The above statements create a workload which collects section data. The application name (APPLNAME) is "python" because I use a Python script (see below) for parts of the testing.


Script:
import ibm_db
conn = ibm_db.connect("hltest","hloeser","secretpw")
ibm_db.exec_immediate(conn, 'set current optimization profile="HLOESER"."PROFILE_BETW"')
ibm_db.exec_immediate(conn, 'select id, s from betw where id between 2 and 20')



Once the script has been executed, the session actuals can be turned into explain information and then that information formatted. To identify which data entry to transform a query like the following one can be used. The table name consists of the generic prefix "ACTIVITYSTMT" and the monitor name:

select appl_id,uow_id,activity_id,stmt_text from ACTIVITYSTMT_BETWMON

The output then serves as input to the "explain_from_activity" procedure:
CALL EXPLAIN_FROM_ACTIVITY('*LOCAL.hloeser.150227075721',1,2, 'BETWMON',NULL,?,?,?,?,?)

The procedure takes the logged execution statistics for the section and turns it into regular explain data. The explain data can be stored in an user copy of the DB2 explain tables. The tool db2exfmt is then used to format the explain data to typical DB2 explain output. To identify what data to format the procedure above returns the needed information, something like this:

  Value of output parameters
  --------------------------
  Parameter Name  : EXPLAIN_SCHEMA
  Parameter Value : HLEXP  

  Parameter Name  : EXPLAIN_REQUESTER
  Parameter Value : HLOESER

  Parameter Name  : EXPLAIN_TIME
  Parameter Value : 2015-02-27-11.55.21.008920

  Parameter Name  : SOURCE_NAME
  Parameter Value : SYSSH200

  Parameter Name  : SOURCE_SCHEMA
  Parameter Value : NULLID 

  Parameter Name  : SOURCE_VERSION
  Parameter Value :

  Return Status = 0


Calling db2exfmt with that information as input:
db2exfmt -d hltest -w  2015-02-27-11.55.21.008920 -n SYSSH200 -s NULLID -e HLEXP

Long story short, with all the setup I managed to get different access plans and costs for the query with the BETWEEN predicate, depending on the range of values. It was either an index or a table scan. db2exfmt also showed a "Explain from section", the use of my statement-level optimization guideline as shown earlier, and that the statement concentrator still was on (see "effective statement").

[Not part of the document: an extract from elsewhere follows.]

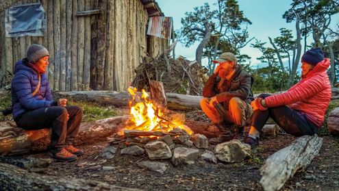 L: Warme Abende und Gespräche am Feuer geniessen. R: Kalte Nächte mit guter Ausrüstung meistern.

Here the two access plans as result from the REOPT ALWAYS in the optimization profile:

Access Plan:
-----------
    Total Cost:         590.416
    Query Degree:        0

      Rows
   Rows Actual
     RETURN
     (   1)
      Cost
       I/O
       |
      98302
      4850
     TBSCAN
     (   2)
     590.416
       NA
       |
      98304
       NA
 TABLE: HLOESER
      BETW
       Q1

Access Plan:
-----------
    Total Cost:         20.3399
    Query Degree:        0

            Rows
         Rows Actual
           RETURN
           (   1)
            Cost
             I/O
             |
           18.9981
             19
           FETCH
           (   2)
           20.3399
             NA
         /---+----\
     18.9981       98304
       19           NA
     IXSCAN   TABLE: HLOESER
     (   3)        BETW
     13.5646        Q1
       NA
       |
      98304
       NA
 INDEX: HLOESER
     BETWIX
       Q1


As a last test I removed the line from my script which sets the current optimization profile. With that all statements turn back into the generic and complex access plan:

Access Plan:
-----------
    Total Cost:         20.469
    Query Degree:        0

                Rows
             Rows Actual
               RETURN
               (   1)
                Cost
                 I/O
                 |
               167.205
                 19
               NLJOIN
               (   2)
               20.469
                 NA
          /------+-------\
         1               167.205
        NA                 19
      TBSCAN             FETCH
      (   3)             (   4)
    0.000186812          20.4688
        NA                 NA
        |              /---+----\
         0         167.205       98304
        NA           19           NA
 TABFNC: SYSIBM    IXSCAN   TABLE: HLOESER
      GENROW       (   5)        BETW
        Q1         13.6489        Q3
                     NA
                     |
                    98304
                     NA
               INDEX: HLOESER
                   BETWIX
                     Q3

So what is the conclusion? Applying the statement concentrator turns similar statements into a generic one to cut down on query compilation and optimization costs. This is useful in many cases. If queries use predicates like the BETWEEN it can result in suboptimal plans. In such a case a DB2 optimization profile might be useful. But how to proof it? It turns out that session actuals are very useful to dig deeper into what is happening within the database engine. With few steps it is possible to look at how a statement is really executed. And sometimes a database engine does exactly as the user is hoping for... ;-)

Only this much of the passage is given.